A Google executive wants optimised processors to reduce latency in context switching and other operations key to the tech giant's actual workloads.
Moore’s law is not keeping pace with the growing needs of the still-young market for cloud services, which is why a Google manager is calling for a suite of innovations in processors, memories, interconnects and packaging.
“The slowdown in Moore’s law and the growth of cloud services has brought us to an inflection point,” Prasad Sabada, a senior director of operations who oversees sourcing for Google’s data centre hardware, told executives at the annual Industry Strategy Symposium in California. “The game is changing again and we need the industry to respond in a meaningful way.”
Specifically, he called for processors optimised to reduce latency in context switching and other operations key to Google’s actual workloads. “We’ve seen many processors optimised for Spec [a synthetic benchmark], but at Google, our workloads differ significantly from Spec.”

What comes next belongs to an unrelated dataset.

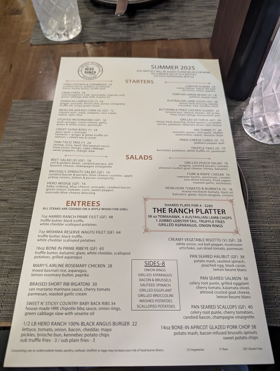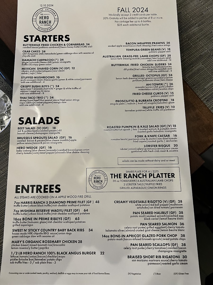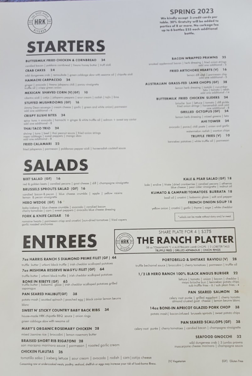 Hero Ranch Kitchen specializes in a vibrant array of dishes that marry comfort and gourmet flair, capturing the essence of modern American cuisine. Imagine starting your meal with their Grilled Octopus, impressively tender and seasoned to perfection, or perhaps the Beet Salad, which provides a refreshing contrast with its bright, earthy flavors. For those seeking something hearty, the legendary Ranch Platter is a showstopper—featuring a breathtaking 38 oz. Tomahawk steak accompanied by Australian lamb chops and lavish lobster tails, it's designed to satisfy even the hungriest of guests.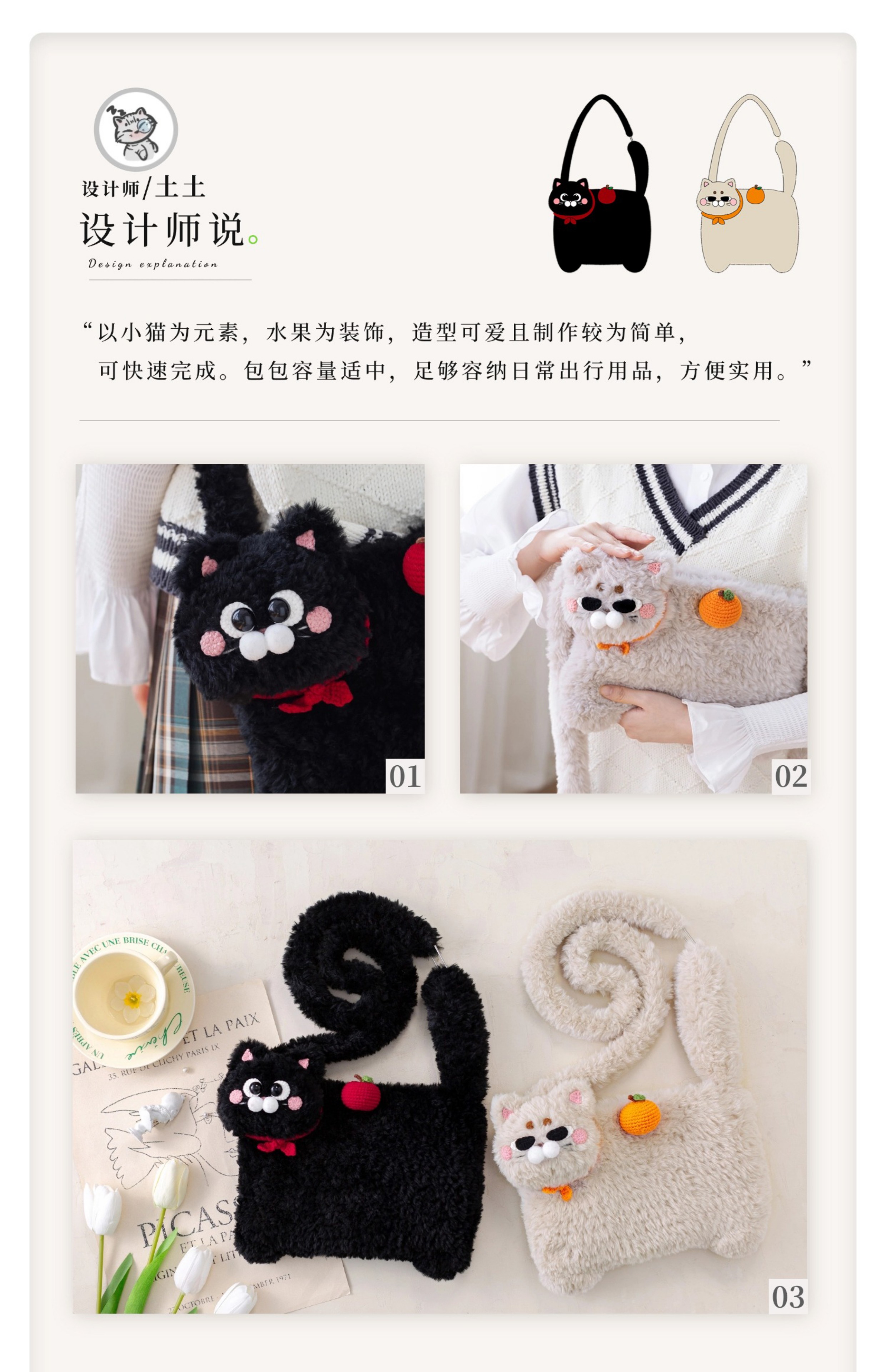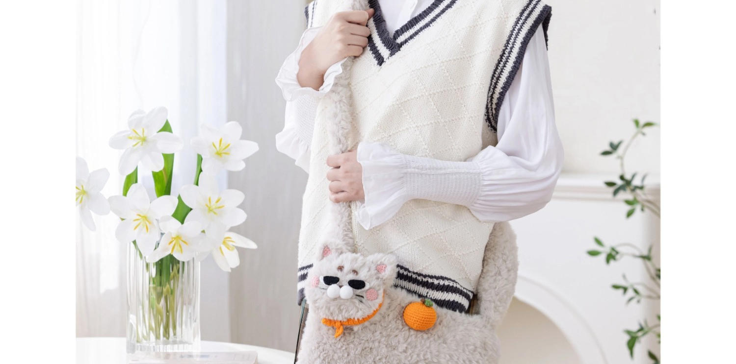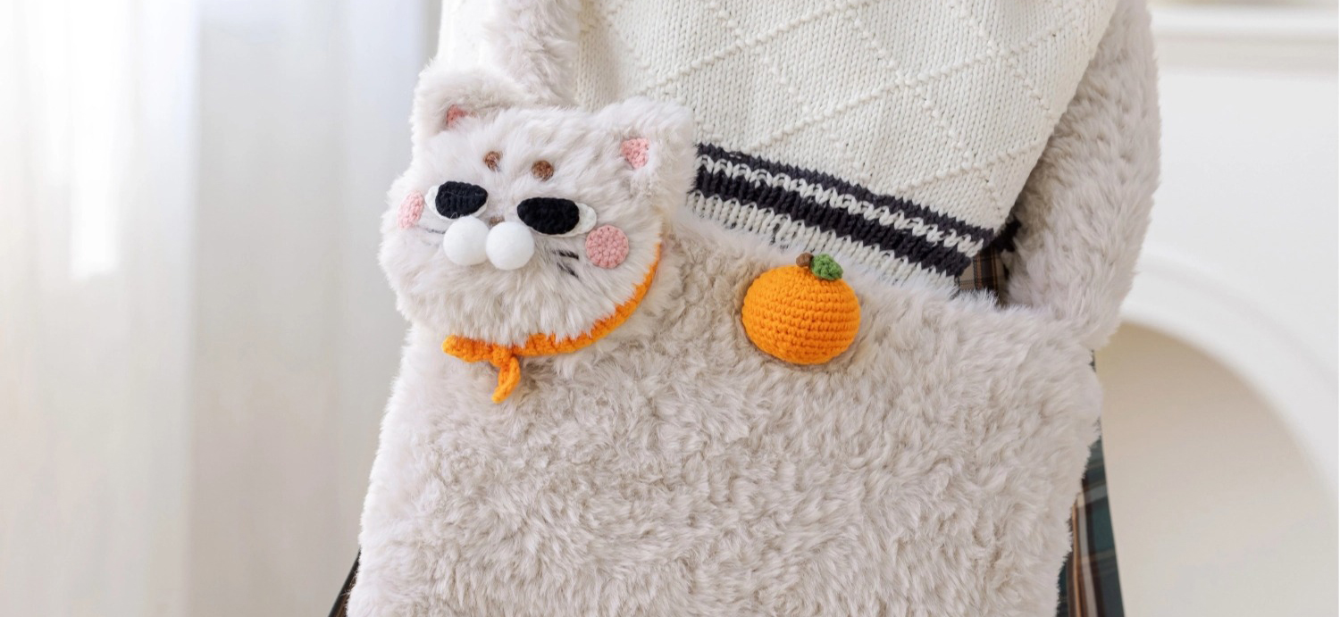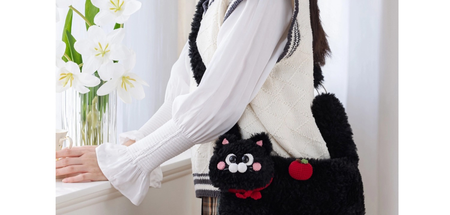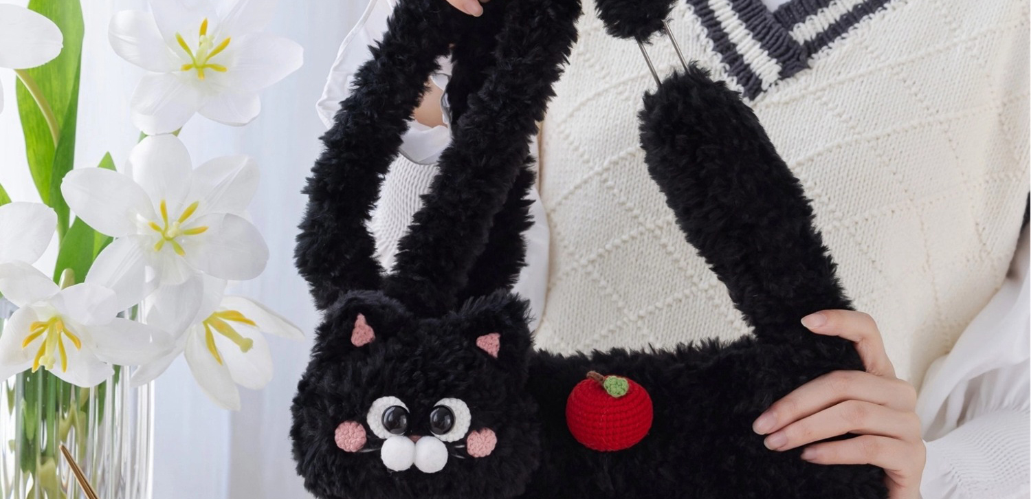 苏苏姐家小猫斜挎包手工diy编织钩针绒绒包毛线团自制包包材料包

Google also wants memory chips with lower latency. “We can get as much bang for the buck improving memory latency as processor performance,” said Sabada, pointing to promising work on new memory architectures.
Nearly a year ago, rival Facebook came out in support of Intel’s 3D XPoint memories, which promise improvements over today’s NAND flash. Intel started limited sampling of the chips late last year.
In interconnects, today’s typical “processor bus has a lot of overhead accessing I/O and accelerator devices” and is not suited to emerging memory architectures, he said. In addition, optical interfaces such as silicon photonics are needed to link servers in the data centre.
Sabada called out IBM’s OpenCAPI interface as one effort it supports. He did not mention two separate efforts launched last year, CCIX and GenZ, for open interfaces for accelerators and storage-class memories, respectively.
Google seeks lower-cost 2.5D chip stacks
In packaging, the move towards 2.5D chip stacks that put logic, memory, digital and analog die on a shared substrate looks “exciting” as “a cool way to have heterogeneous silicon.” However, it “doesn’t have right yields or costs for volume deployments,” Sabada said.
Figure 1: Processor performance is flattening out, said Google, citing Stanford figures. (Source: Google)
The chief architect of AMD’s graphics division recently expressed a similar frustration trying to bring the chip stacks to mainstream markets.
Sabada asked chip executives to speed up innovations in all of the areas. But he recognised the increasing complexity and costs of designing and making advanced chips.
“We have hit a power wall; frequency advances are not what we are used to and, essentially, we’ve seen a cap on single-core performance,” he said. The challenges have driven a move to multiprocessors that “can be a challenge in a cloud environment.”
Sabada pointed to Google’s announcement last year of its Tensorflow processing unit as the wave of the future. “We have entered the era of accelerators … and the TPU is just one example of the kind of thing you can see going forward,” he said.
“Machine learning will be a key driver for cloud computing; it’s a powerful use case for the way we go about acquiring intelligence … and a capability [used] across many [Google cloud] products,” he added.
This article first appeared on EE Times U.S.